Materials and Methods Patient Population The diagnostic criteria of HCC for inclusion into this study consisted of compatible clinical and radiological features of HCC, with confirmation by histology. HCCs that were too poorly differentiated for identification of hepatocellular differentiation by the criteria set by the World Health Organization,17 ie, hepatocyte-like malignant cells, trabecular or sinusoidal growth pattern, bile production, or intercellular bile
canaliculi, were excluded. Based on these criteria, formalin-fixed, paraffin-embedded diagnostic HCC tissue blocks from 290 Chinese patients admitted to Queen Mary Hospital, Hong Kong, between 1986 and 1991 were included in this study. Hepatitis B virus surface antigen was positive in 86.1% and histological evidence of cirrhosis was identified in 122 of 151 (80.8%) tissue blocks in which adequate liver tissue was available for assessment. The liver specimens included 201 needle biopsies, 73 surgical resection specimens, and 16 autopsies. In 162 patients who did not receive either medical or surgical treatment and had complete follow-up till death, survival was recorded dating from the time of the confirmatory diagnostic liver biopsy. All cases that underwent any form of treatment for HCC were excluded from the assessment of natural survival.
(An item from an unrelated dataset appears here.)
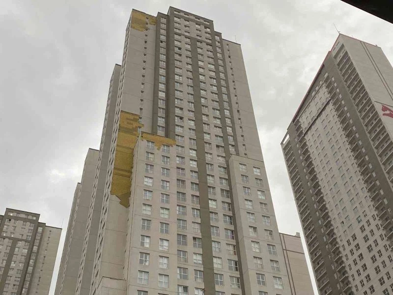 Esenyurt’ta lodos nedeniyle Özyurtlar Sitesi’nde bulunan binaların dış cepheleri adeta kağıt gibi soyuldu. Binalardan savrulan parçalar park halindeki araçlarda maddi hasar oluştururken, çevrede ise herhangi bir güvenlik önlemi alınmadı.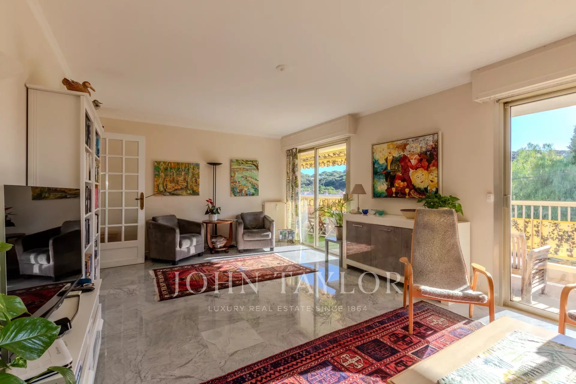 Attractive, almost 100 sqm, walk-through apartment in a small residence at the beginning of Cap d'Antibes, within walking distance of the beaches and amenities of l'Ilette.

Histological Assessment For this series, none of the HCCs showed identifiable histological evidence of cholangiocarcinoma differentiation when 5-,um sections stained with hematoxylin and eosin (H&E), Gordon and Sweet silver for reticulin, and mucicarmine for mucin secretion were examined. No fibrolamellar type of HCC was identified. The histological features of HCC including tumor differentiation (well, moderately, and poorly differentiated, scored as 1 to 3),18 architecture (trabecular, solid, and pseudoacinar), and the cytological features (ie, presence or absence of small, medium, or large tumor cells with reference to the size of normal hepatocytes, clear cells, and multinucleated giant cells) were assessed blindly. The degree of cellular and nuclear pleomorphism and mitosis as well as pseudoacini formation was also evaluated and scored 0 to 4 with increasing severity.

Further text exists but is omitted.